Ce malus financier sera donc instauré sur les produits au score insuffisant, pouvait aller jusqu’à 50% du prix hors taxe d’ici 2030. D’après le ministre, il pourrait s’élever «entre 20 centimes et 6 euros par produit». Pour la seule plateforme Shein, cela pourrait représenter «100 millions d’euros» de pénalités, a chiffré Serge Papin, sans préciser sur quelle période. «La taxe sera payée par Shein. [Les activités de ces plateformes] ont un coût pour nos infrastructures et la société, et c’est normal que les plateformes payent», a-t-il estimé. Avec le risque, néanmoins, que cette taxe supplémentaire soit répercutée sur les consommateurs. Le texte prévoit également l’encadrement de la publicité de la mode éphémère, notamment via l’interdiction de la promotion de ces produits par les influenceurs ou la publication d’une information sur leur impact environnemental.

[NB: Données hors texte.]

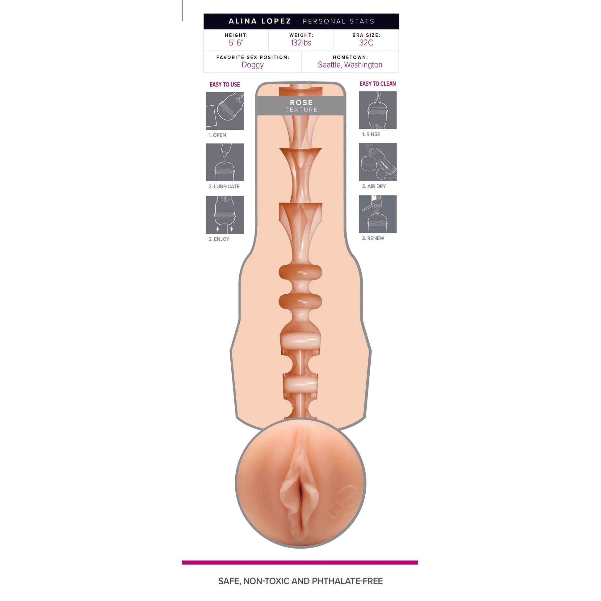 Alina’s “Rose” is the fuckable flower you never knew you needed. This texture begins with a tight entry point that leads you into a series of narrow chambers made up of pleasure rings, gripping nubs, and ultra-tight passageways expertly designed to gently massage your cock with each and every thrust.

Pour les acteurs français du secteur, c’est une nouvelle étape dans leur lutte contre ces féroces concurrents asiatiques. Pierre Talamon, le président de la Fédération nationale de l’habillement (FNH), a jugé qu’il en allait «de la préservation des commerçants indépendants de l’habillement, qui subissent depuis trop longtemps une concurrence totalement déséquilibrée avec les plateformes de fast-fashion». «C’est une victoire historique dans notre combat commun contre les mastodontes comme Shein», a de son côté salué Yann Rivoallan, président de la Fédération du prêt-à-porter féminin. «Le combat ne fait que commencer tant à l’échelle française qu’européenne», a-t-il ajouté. Avec un vote final prévu à la fin du mois au Parlement, cette proposition de loi pourrait donc arriver au bout de son parcours plus de deux ans après avoir été adoptée en première lecture à l’Assemblée nationale.